Okay. Let us apply the Hyatt Rule. At the outset, the various popcount implementations appear to me to be obvious examples of a one-input-one-output function. Is that correct? If true, the Hyatt Rule appears to allow rote code copying of these routines. However, there are numerous variations to popcount implementations. Stockfish's is identical to ivanhoe's, though one in c and the other c++. What I find is that the various implementations of this one-input-one-output function differ widely when it comes to speed. As you can see, the choice of a popcount implementation is significant. The "wikipedia #3/ivanhoe/stockfish" routine is the fastest. Whoever wrote these various routines a) knows a lot; b) used their knowledge; and, c) created something. I will certainly improve my engine, if I replace gcc's __builtin_popcount with wikipedia#3/stockfish/ivanhoe's routine. Now, Stockfish's 'bitcount.h' contains the standard GPL boilerplate above its bitcount routine. However, that routine is apparently public domain - it's on wikipedia without citation.

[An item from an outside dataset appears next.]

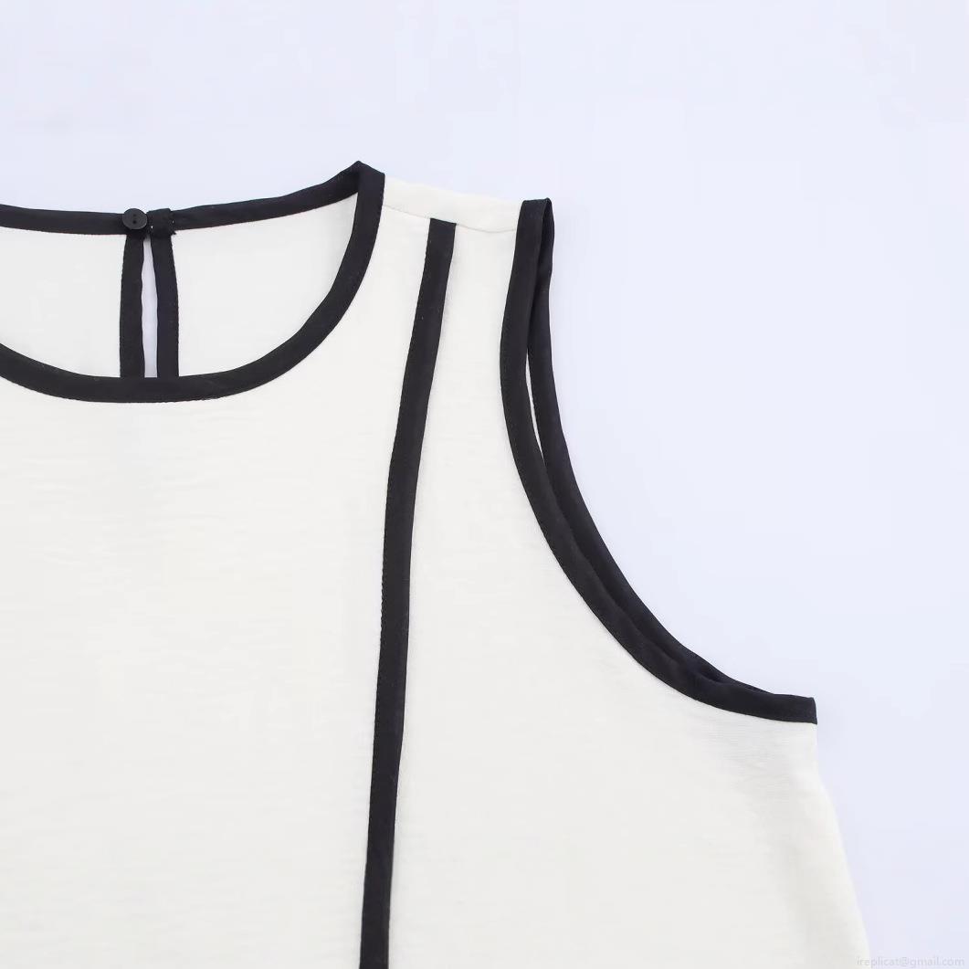 • Women's Sleeveless Round Neck T-Shirt Contrast Trim Crepe Polyester Pullover Tank Top Summer Casual Streetwear Vest Tops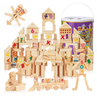 纽奇(Nukied)儿童木质积木玩具益智拼装大颗粒积木男孩女孩3-6岁生日礼物手提桶装 原木数字字母110件套

But, all of this is for illustration, so let us assume for the moment that Madame X authored the wikipedia#3/stockfish/ivanhoe version. Clearly, Madame X has created something of significance by inventing, or authoring, a function that nobody else did previously, and although this function takes the same input and produces the exact same output as all the other implementations, Madame X's is more than twice the speed of gcc's builtin. If Madame X uses her implementation in her chess engine, and it is not known or used by any other, am I free to disassemble her fine engine to discover her fast popcount implementation and use it in my engine without credit or citation? Given it's nature, after disassembly, my reconstruction in c would be identical to Madame X's.
How does the Hyatt Rule handle one-input-one-output functions whose various implementations differ widely in speed, speed being the primary objective? In other words, though probably impossible (and irrelevant with new processors), assume I managed to create another implementation that was three times faster than Madame X's? This is very low level stuff. Does the Hyatt Rule exonerate all who would disassemble my closed source engine and use my super fast method in their engines without credit. Again, the nature of this low level code would probably mean a c rewrite of disassemble code would be identical to my version without having ever seen my c code.